What's this I hear about October? That's, ahem, MY month. A Libra cusper, borderline scorpio. And though my ear's crusty from listening for harsh words, I've not been told of this ides of October you speak of. Whazzup wi' dat?
This Ides thing has given me an idea, Vixen.
Perhaps this is nature's way of suggesting you and I spend ten days in harmony to adjust and reconcile, to atone and ascend and reaggregate.
Missing the Ides of March by ten days is no small miscalculation or rounding error. This is cause for some dedicated energy flow to recalibrate your clock from within, slowly and cautiously at first and then with rising reckless abandon and frolicking foreplay and finally pounding savage thrusts of moaning purposeful grind.
Air:
Spring IS the perfect time to have one's clock recalibrated. As you so astutely noted; mine own quickly begins to fail, without such dedicated attentions.
You've solved it! The riddle is discovered, and Bhudda is the culprit! Slowing people down- offering zen, and tranquility and then yes-placing time iself at a premium. Sounds like monk-y business, indeed!

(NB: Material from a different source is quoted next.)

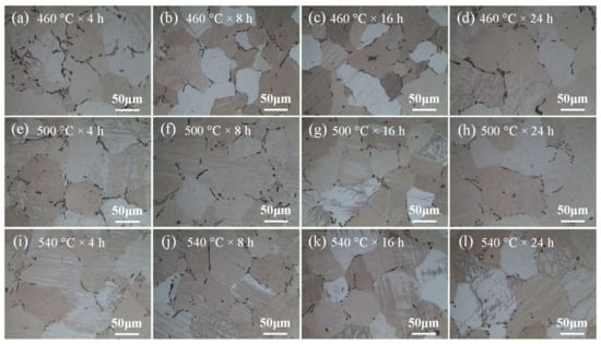 - In one-step homogenization, the morphology of CaMgSn and grain size has no obvious change when homogenized at 460 °C. While at 500 °C and 540 °C, the CaMgSn is dissolved gradually from long strip-like into short rod-like or chain-like with the increase of homogenization time, and the grains grow obviously when the homogenization time exceeds 16 h.
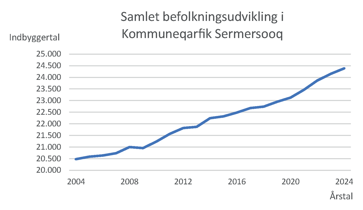 I perioden 2018-2024 er Sermersooqs andel af landets samlede befolkning steget fra 40,5% (2018) til 43% (2024). Det er særligt i Nuuk, der opleves en kraftig befolkningstilvækst, der i perioden er steget med 11,6%. Både i Tasiilaq og Paamiut geografierne er der i perioden oplevet fraflytning. Befolkningstallet for kommunen under ét er vokset med knap 8%. Landsgennemsnittet i perioden er en stigning på 3%.

As to the Ides of October, my trancendental phallistic missile- it is merely the 15th day. The polar opposite to March, and it comes as another feast day to honour the warrior Mars, during the month of his peaceful lover, Venus. There were also competitions between the haves and the have-nots, something about tributes...
You know, it's all about the sign of the scales, keeping her balance. 'Tis the true shizznit.
Greasers vs, richies. LOL
You are one fiesty and worthy human.
You can only imagine how warm you make me. How balanced and resonantly swayed in a dance of ether and darkness at sundown of our days. Here's to tomorrow and your wisdom piling up on my doorstep.
carry on sweet bird.
Vixen,
I saw you at the grocery store. You were the dark cherry in the bunch, sweeter and riper. You were the organic Bartlett just starting to loose grit for smooth texture of perfection. And the solitary banana, firm but with brown spots, murmuring, sweetly...air...air.
I saw your royal fullness in the purple skin of the eggplant, heart-shaped in boldly hilarious visual onomatopoiea.
Even the checkout lady had a long red tail. How vixen!
Air:
What you experienced was merely the spell of Venus. She resides in all things feminine- her beauty is your sirens' song. It's hardly surprising that you're drawn to her, she rules Libra, and it is an 'air' sign. ;)
Follow that flash of red, sweet Air! We'll retire to my desert den of iniquity. You may bury yourself in my soft fur, and sing to me the wisdom of Leonard Cohen.